**SUPPLIED DATA**
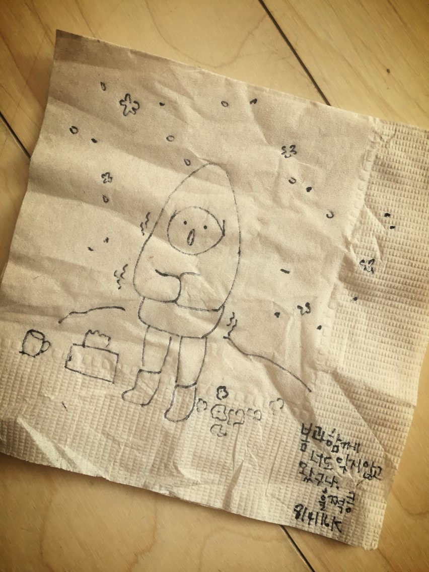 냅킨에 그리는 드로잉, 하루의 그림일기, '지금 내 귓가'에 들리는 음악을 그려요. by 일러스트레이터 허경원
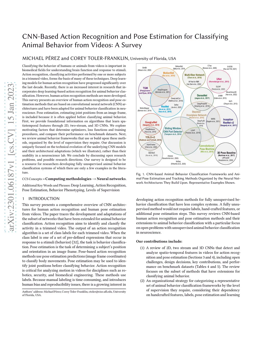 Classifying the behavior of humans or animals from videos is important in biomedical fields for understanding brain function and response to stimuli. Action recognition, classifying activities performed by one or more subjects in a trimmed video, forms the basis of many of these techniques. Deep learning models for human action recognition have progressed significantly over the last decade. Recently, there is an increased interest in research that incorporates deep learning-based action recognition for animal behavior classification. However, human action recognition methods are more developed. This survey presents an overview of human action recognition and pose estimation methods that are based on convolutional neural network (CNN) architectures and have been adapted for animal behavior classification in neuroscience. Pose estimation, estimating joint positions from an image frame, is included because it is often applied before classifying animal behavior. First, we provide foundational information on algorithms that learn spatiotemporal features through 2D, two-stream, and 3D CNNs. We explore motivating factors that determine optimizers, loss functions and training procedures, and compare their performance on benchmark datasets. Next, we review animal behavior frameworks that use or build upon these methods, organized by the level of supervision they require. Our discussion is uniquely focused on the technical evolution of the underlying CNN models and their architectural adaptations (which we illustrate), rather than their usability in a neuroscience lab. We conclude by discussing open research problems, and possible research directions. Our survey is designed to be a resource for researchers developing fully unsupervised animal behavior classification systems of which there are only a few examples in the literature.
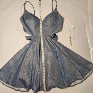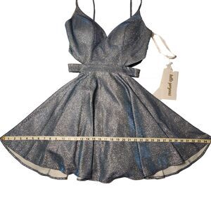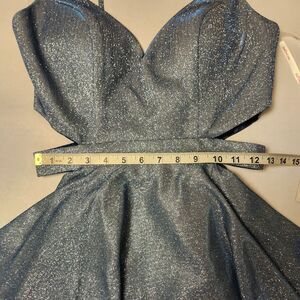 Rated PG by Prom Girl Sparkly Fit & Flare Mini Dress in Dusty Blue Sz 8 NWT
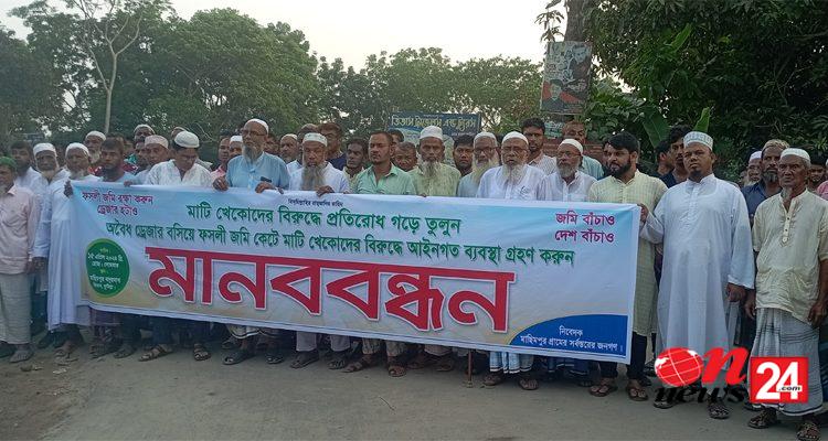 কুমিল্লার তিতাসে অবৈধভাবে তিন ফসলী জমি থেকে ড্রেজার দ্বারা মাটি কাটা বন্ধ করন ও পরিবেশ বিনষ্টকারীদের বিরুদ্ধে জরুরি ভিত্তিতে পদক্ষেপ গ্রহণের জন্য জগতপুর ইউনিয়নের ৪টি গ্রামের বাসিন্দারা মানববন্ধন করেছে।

**TO DO**
Once the images are removed, print the remaining data exactly as it appears above.

**ANSWER FOR THIS EXERCISE**
 냅킨에 그리는 드로잉, 하루의 그림일기, '지금 내 귓가'에 들리는 음악을 그려요. by 일러스트레이터 허경원
 Classifying the behavior of humans or animals from videos is important in biomedical fields for understanding brain function and response to stimuli. Action recognition, classifying activities performed by one or more subjects in a trimmed video, forms the basis of many of these techniques. Deep learning models for human action recognition have progressed significantly over the last decade. Recently, there is an increased interest in research that incorporates deep learning-based action recognition for animal behavior classification. However, human action recognition methods are more developed. This survey presents an overview of human action recognition and pose estimation methods that are based on convolutional neural network (CNN) architectures and have been adapted for animal behavior classification in neuroscience. Pose estimation, estimating joint positions from an image frame, is included because it is often applied before classifying animal behavior. First, we provide foundational information on algorithms that learn spatiotemporal features through 2D, two-stream, and 3D CNNs. We explore motivating factors that determine optimizers, loss functions and training procedures, and compare their performance on benchmark datasets. Next, we review animal behavior frameworks that use or build upon these methods, organized by the level of supervision they require. Our discussion is uniquely focused on the technical evolution of the underlying CNN models and their architectural adaptations (which we illustrate), rather than their usability in a neuroscience lab. We conclude by discussing open research problems, and possible research directions. Our survey is designed to be a resource for researchers developing fully unsupervised animal behavior classification systems of which there are only a few examples in the literature.
 Rated PG by Prom Girl Sparkly Fit & Flare Mini Dress in Dusty Blue Sz 8 NWT
 কুমিল্লার তিতাসে অবৈধভাবে তিন ফসলী জমি থেকে ড্রেজার দ্বারা মাটি কাটা বন্ধ করন ও পরিবেশ বিনষ্টকারীদের বিরুদ্ধে জরুরি ভিত্তিতে পদক্ষেপ গ্রহণের জন্য জগতপুর ইউনিয়নের ৪টি গ্রামের বাসিন্দারা মানববন্ধন করেছে।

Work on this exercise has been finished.